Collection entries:
++++++++++
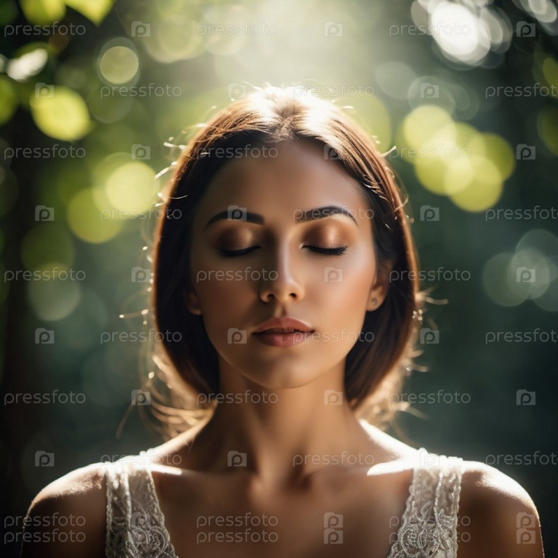 Женщина в зеленом лесу, купающаяся в солнечном свете, глубокая медитация. Исцеляющая энергия Рейки. Мягкий свет просачивается сквозь листья, создавая безмятежную успокаивающую атмосферу. Связь с природой Сила исцеляющей энергии
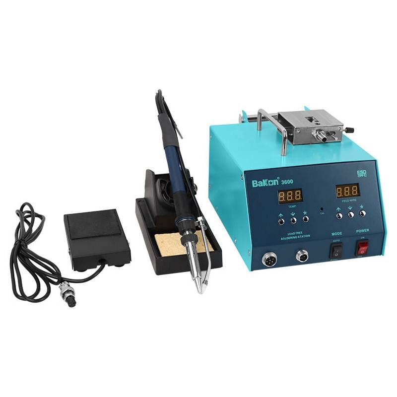 Паяльная станция BAKON BK3600 с автоподачей припоя представляет собой современное и высокотехнологичное устройство, предназначенное для профессиональной пайки и ремонта электронных компонентов. Одним из ключевых преимуществ этой модели является высокая максимальная мощность в 150 Вт, что обеспечивает быстрый разогрев и стабильное поддержание необходимой температуры в широком диапазоне от 50 °С до 600 °С. Такая температурная гибкость позволяет работать как с деликатными микросхемами, требующими низкотемпературной пайки, так и с более массивными элементами, нуждающимися в интенсивном нагреве.
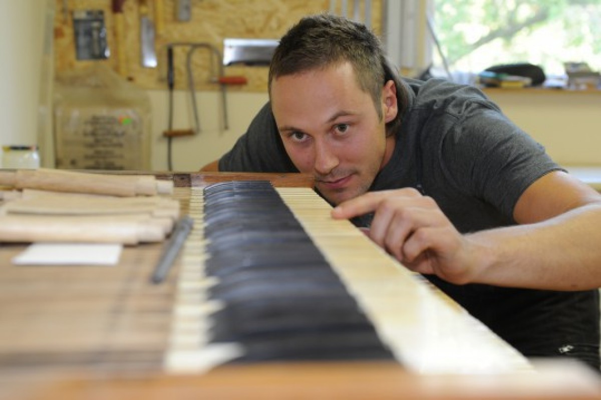 Ремесленник и реставратор ВЕРНЕРС КАЛАЦИС мог остаться в Англии, но все же вернулся в Латвию и обустроил мастерскую, в которой чаще всего изготавливает клавиатуры для органов.
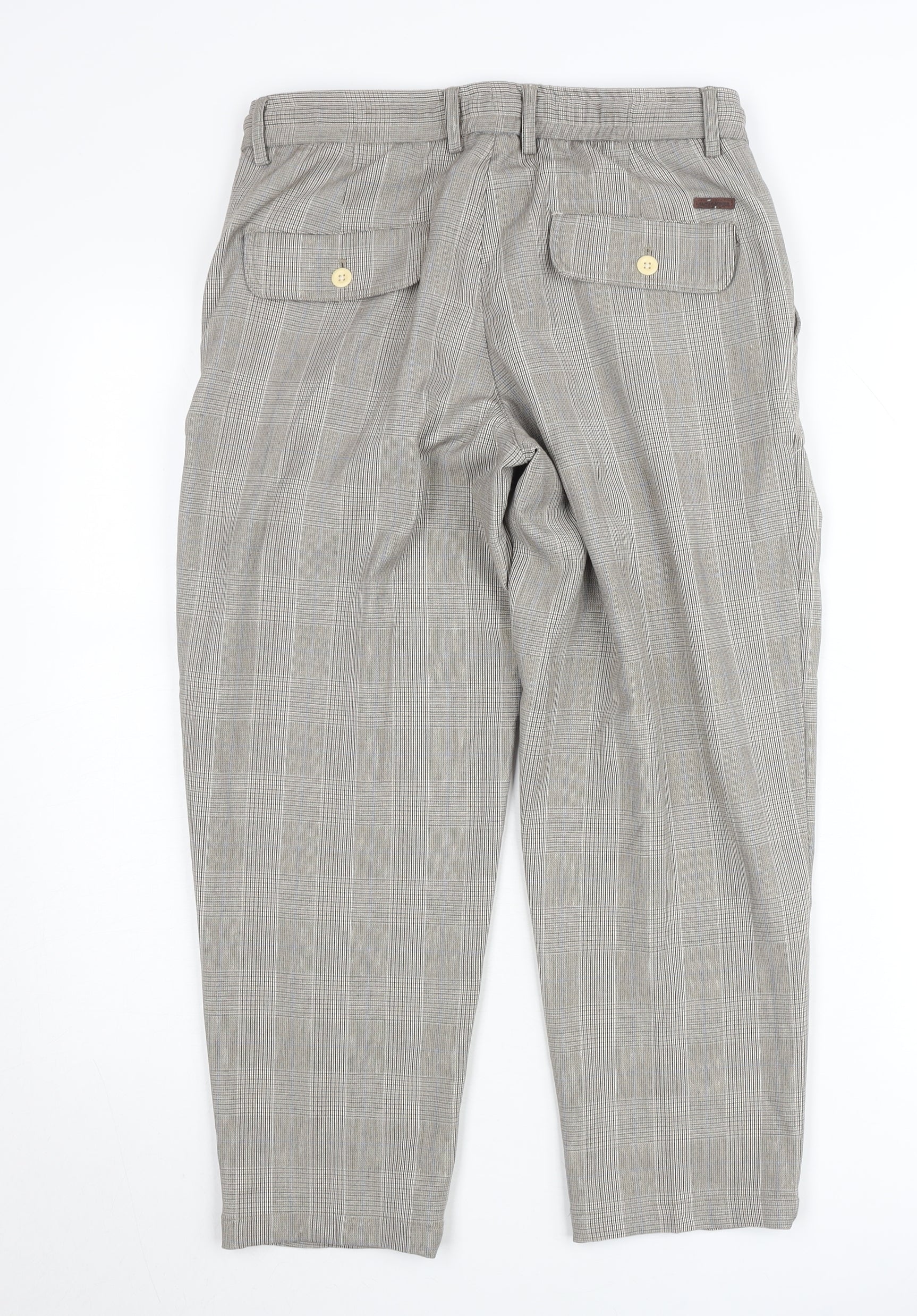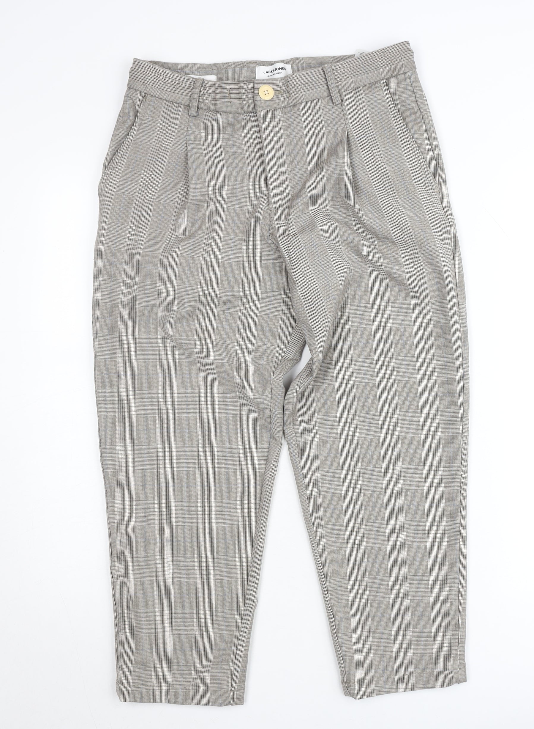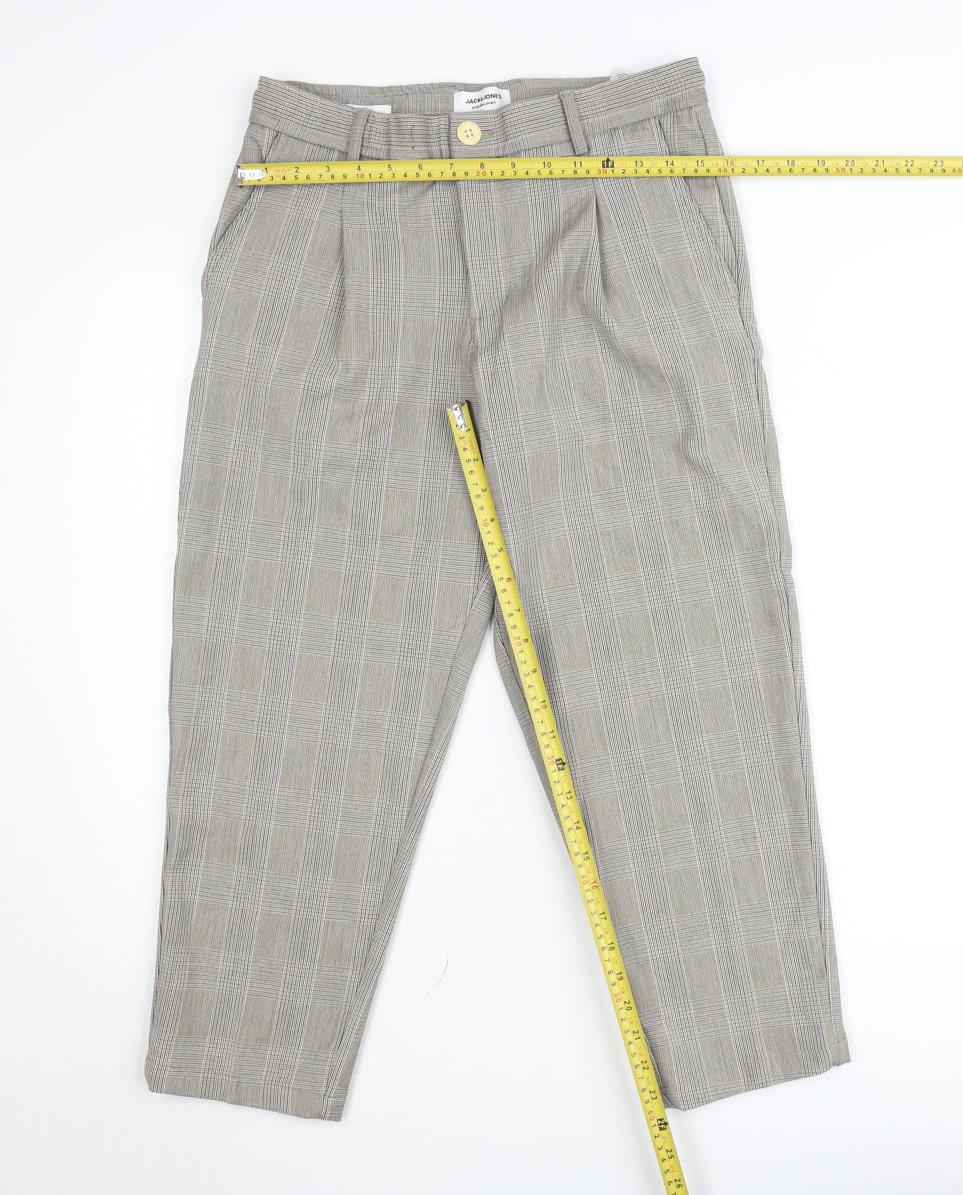 Jack & Jones Men’s Grey Check Chino Trousers Size M Regular Fit
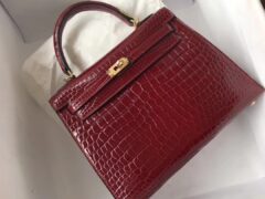 エルメスケリーバッグエルメス光沢のあるクロコダイルスキンケリーバッグKelly25CMF5ブルゴーニュワインレッドゴールドバックル
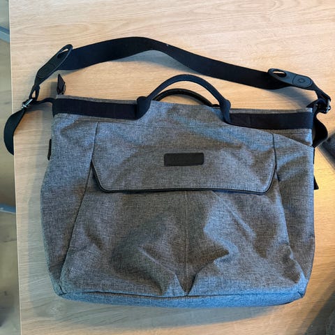 Easygrow stelleveske, mama, i grå tekstil med mange lommer og god inndeling. Vesken har både korte bærehåndtak og avtakbar, justerbar skulderrem. Utvendig finnes flere åpne og lukkede lommer for enkel organisering av utstyr. Innvendig har vesken et mønstret fôr og flere rom og lommer som gjør det praktisk å holde orden på bleier, flasker og annet babyutstyr.
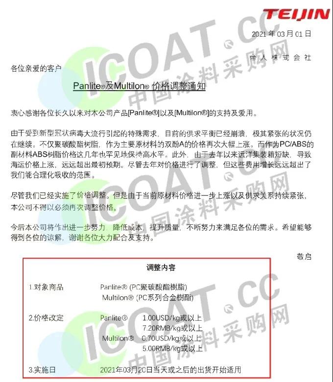 帝人株式會社發函,稱因為目前供需平衡混亂,原料供應極其緊張,作為原料的聚碳酸酯樹脂、雙酚A等價格的大幅度上漲,以及去遠洋集裝箱的短缺、海運價格上漲等客觀原因,不得不再次調整產品價格。
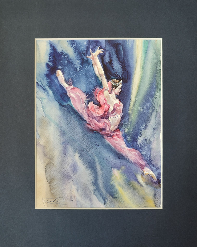 Baletnica, 35x28 (24x18 w świetle passe-partout) akwarela 2023
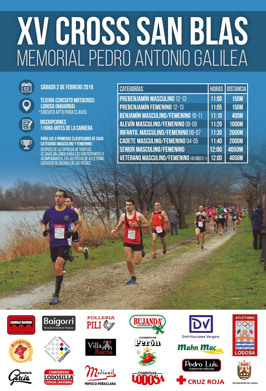 El próximo día 2 de febrero (sábado) desde las 11:00 horas,la localidad navarra de Lodosa acogerá el XV Cross de San Blas con carreras de todas las categorías,desde prebenjamín,hasta veteranos masculino y femenino.La inscripción es gratuita.Luego,tras la carrera y entrega de trofeos,se disfrutará de un lunch.
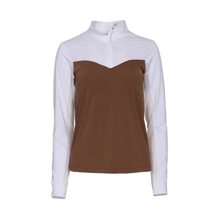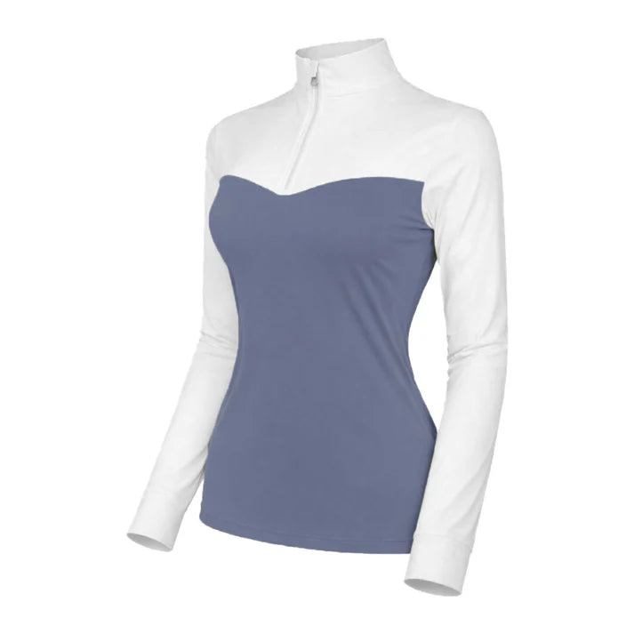 The Lady Show Top is a refined extension of our best-selling Lady silhouette—designed specifically for the show ring and now offered in a seasonal color palette that coordinates beautifully with our collections. With its crisp white upper, elegant design, and discreet covered zipper, it delivers a clean, polished look that stays perfectly classic under any show coat. Thoughtfully constructed so only white is visible when your jacket is on, this top blends show-day formality with the same cooling, ice-feel fabric and flattering color block design our customers love. Mesh underarms add breathability without compromising elegance, while the soft cuff finishes the look with comfort and simplicity.
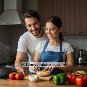 A man watched his wife preparing dinner
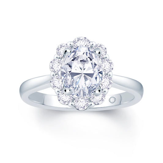 Platinum Oval & Halo Diamond Set Band Ring, 0.85ct
++++++++++
Give the data again exactly as it appears, but without any images.

REPLY TO THE EXERCISE:
 Женщина в зеленом лесу, купающаяся в солнечном свете, глубокая медитация. Исцеляющая энергия Рейки. Мягкий свет просачивается сквозь листья, создавая безмятежную успокаивающую атмосферу. Связь с природой Сила исцеляющей энергии
 Паяльная станция BAKON BK3600 с автоподачей припоя представляет собой современное и высокотехнологичное устройство, предназначенное для профессиональной пайки и ремонта электронных компонентов. Одним из ключевых преимуществ этой модели является высокая максимальная мощность в 150 Вт, что обеспечивает быстрый разогрев и стабильное поддержание необходимой температуры в широком диапазоне от 50 °С до 600 °С. Такая температурная гибкость позволяет работать как с деликатными микросхемами, требующими низкотемпературной пайки, так и с более массивными элементами, нуждающимися в интенсивном нагреве.
 Ремесленник и реставратор ВЕРНЕРС КАЛАЦИС мог остаться в Англии, но все же вернулся в Латвию и обустроил мастерскую, в которой чаще всего изготавливает клавиатуры для органов.
 Jack & Jones Men’s Grey Check Chino Trousers Size M Regular Fit
 エルメスケリーバッグエルメス光沢のあるクロコダイルスキンケリーバッグKelly25CMF5ブルゴーニュワインレッドゴールドバックル
 Easygrow stelleveske, mama, i grå tekstil med mange lommer og god inndeling. Vesken har både korte bærehåndtak og avtakbar, justerbar skulderrem. Utvendig finnes flere åpne og lukkede lommer for enkel organisering av utstyr. Innvendig har vesken et mønstret fôr og flere rom og lommer som gjør det praktisk å holde orden på bleier, flasker og annet babyutstyr.
 帝人株式會社發函,稱因為目前供需平衡混亂,原料供應極其緊張,作為原料的聚碳酸酯樹脂、雙酚A等價格的大幅度上漲,以及去遠洋集裝箱的短缺、海運價格上漲等客觀原因,不得不再次調整產品價格。
 Baletnica, 35x28 (24x18 w świetle passe-partout) akwarela 2023
 El próximo día 2 de febrero (sábado) desde las 11:00 horas,la localidad navarra de Lodosa acogerá el XV Cross de San Blas con carreras de todas las categorías,desde prebenjamín,hasta veteranos masculino y femenino.La inscripción es gratuita.Luego,tras la carrera y entrega de trofeos,se disfrutará de un lunch.
 The Lady Show Top is a refined extension of our best-selling Lady silhouette—designed specifically for the show ring and now offered in a seasonal color palette that coordinates beautifully with our collections. With its crisp white upper, elegant design, and discreet covered zipper, it delivers a clean, polished look that stays perfectly classic under any show coat. Thoughtfully constructed so only white is visible when your jacket is on, this top blends show-day formality with the same cooling, ice-feel fabric and flattering color block design our customers love. Mesh underarms add breathability without compromising elegance, while the soft cuff finishes the look with comfort and simplicity.
 A man watched his wife preparing dinner
 Platinum Oval & Halo Diamond Set Band Ring, 0.85ct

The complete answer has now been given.